EXERCISE DETAILS: Among the entries below, only the lines from the one with "De voorstellingen voor" through the one with "Eine der Hauptursachen" are to be retyped, exactly and without pictures.

MATERIAL PROVIDED:
···

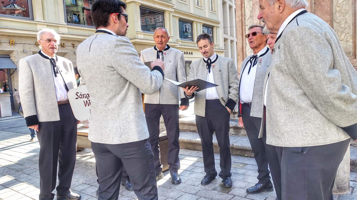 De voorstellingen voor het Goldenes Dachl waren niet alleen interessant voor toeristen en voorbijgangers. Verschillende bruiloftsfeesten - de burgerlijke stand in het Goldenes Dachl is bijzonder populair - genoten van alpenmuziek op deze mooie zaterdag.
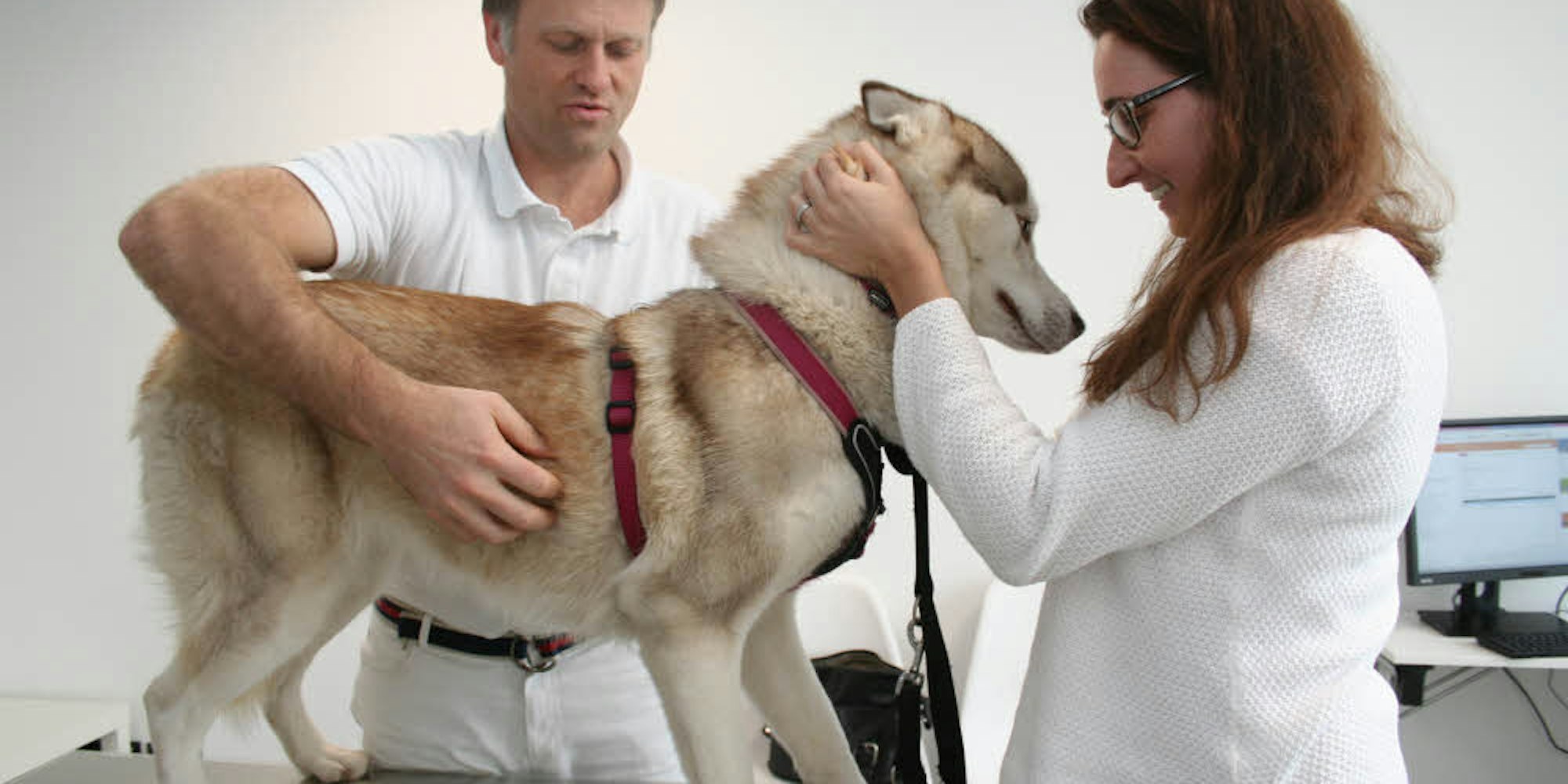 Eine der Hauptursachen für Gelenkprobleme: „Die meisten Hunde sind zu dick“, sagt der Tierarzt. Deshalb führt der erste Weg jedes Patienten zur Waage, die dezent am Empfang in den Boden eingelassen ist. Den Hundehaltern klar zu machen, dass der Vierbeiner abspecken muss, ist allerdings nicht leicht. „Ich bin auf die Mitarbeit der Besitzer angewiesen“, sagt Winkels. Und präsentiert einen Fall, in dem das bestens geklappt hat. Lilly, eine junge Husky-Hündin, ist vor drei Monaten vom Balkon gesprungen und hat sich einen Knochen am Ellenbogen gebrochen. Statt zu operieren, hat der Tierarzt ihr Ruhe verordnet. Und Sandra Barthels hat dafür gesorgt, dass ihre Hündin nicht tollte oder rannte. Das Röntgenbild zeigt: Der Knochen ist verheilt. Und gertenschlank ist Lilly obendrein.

···

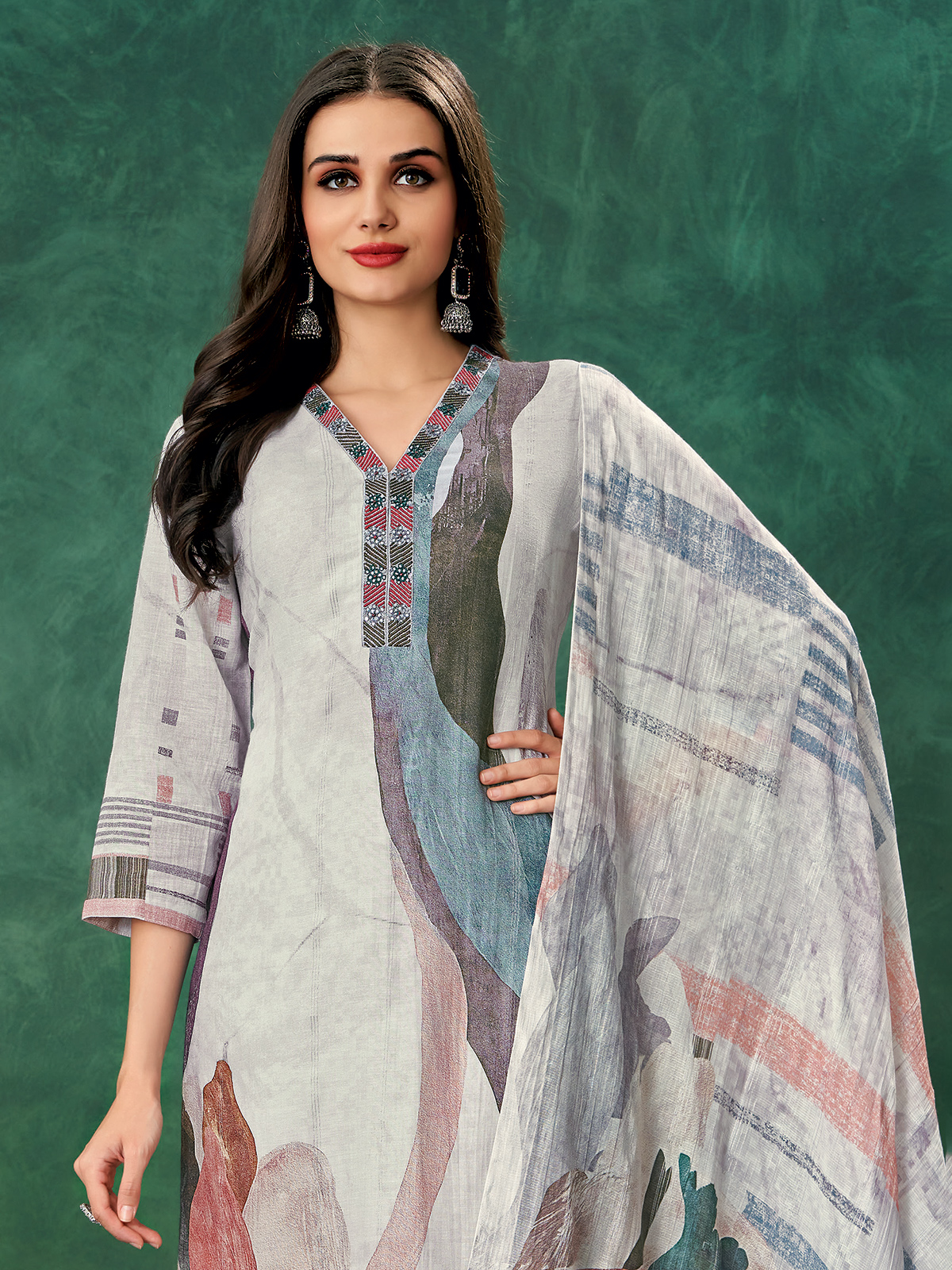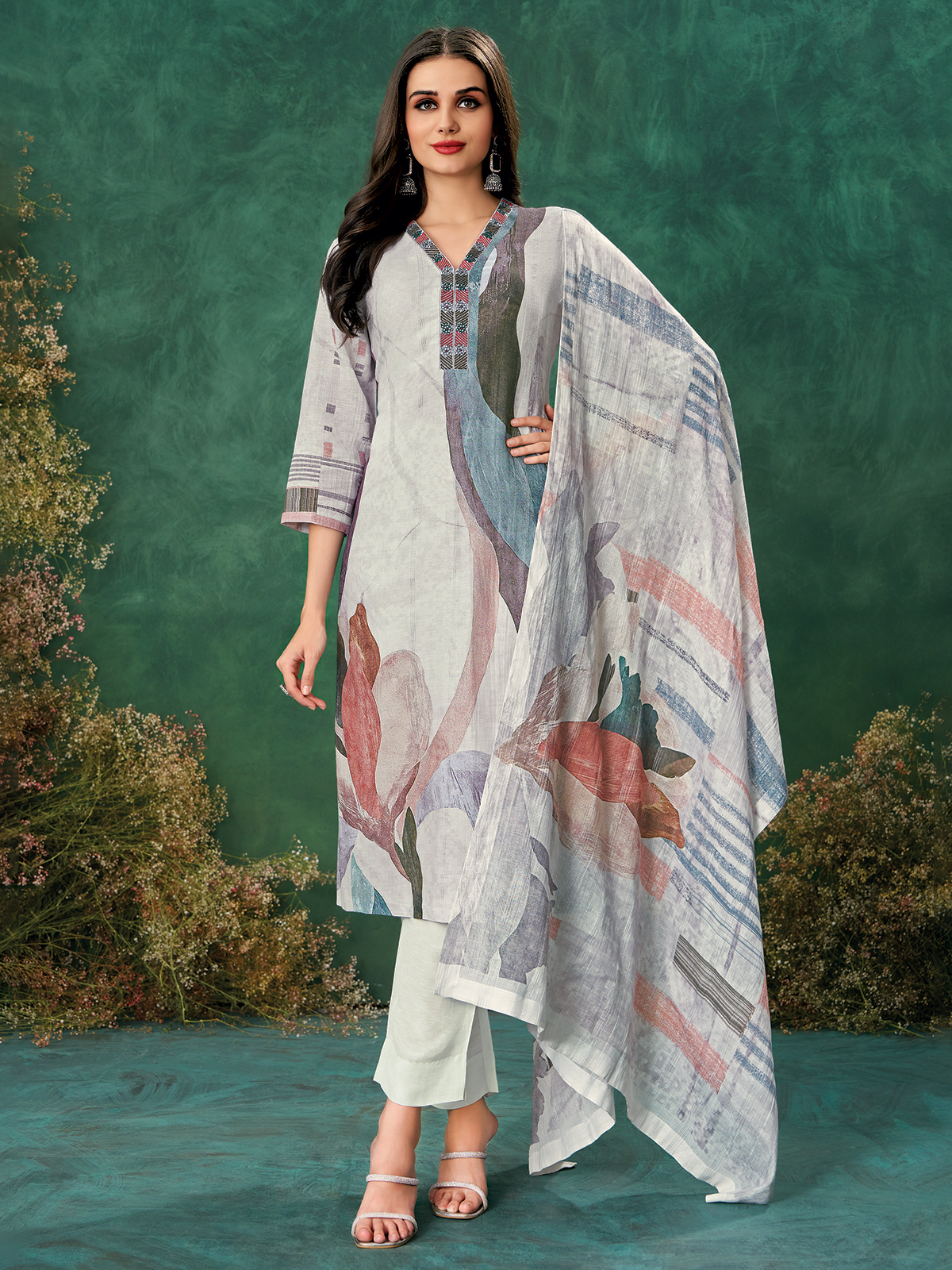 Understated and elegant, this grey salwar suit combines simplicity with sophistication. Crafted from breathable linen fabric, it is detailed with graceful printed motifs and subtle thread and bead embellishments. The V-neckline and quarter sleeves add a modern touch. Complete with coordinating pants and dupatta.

···

FINAL ANSWER:
 De voorstellingen voor het Goldenes Dachl waren niet alleen interessant voor toeristen en voorbijgangers. Verschillende bruiloftsfeesten - de burgerlijke stand in het Goldenes Dachl is bijzonder populair - genoten van alpenmuziek op deze mooie zaterdag.
 Eine der Hauptursachen für Gelenkprobleme: „Die meisten Hunde sind zu dick“, sagt der Tierarzt. Deshalb führt der erste Weg jedes Patienten zur Waage, die dezent am Empfang in den Boden eingelassen ist. Den Hundehaltern klar zu machen, dass der Vierbeiner abspecken muss, ist allerdings nicht leicht. „Ich bin auf die Mitarbeit der Besitzer angewiesen“, sagt Winkels. Und präsentiert einen Fall, in dem das bestens geklappt hat. Lilly, eine junge Husky-Hündin, ist vor drei Monaten vom Balkon gesprungen und hat sich einen Knochen am Ellenbogen gebrochen. Statt zu operieren, hat der Tierarzt ihr Ruhe verordnet. Und Sandra Barthels hat dafür gesorgt, dass ihre Hündin nicht tollte oder rannte. Das Röntgenbild zeigt: Der Knochen ist verheilt. Und gertenschlank ist Lilly obendrein.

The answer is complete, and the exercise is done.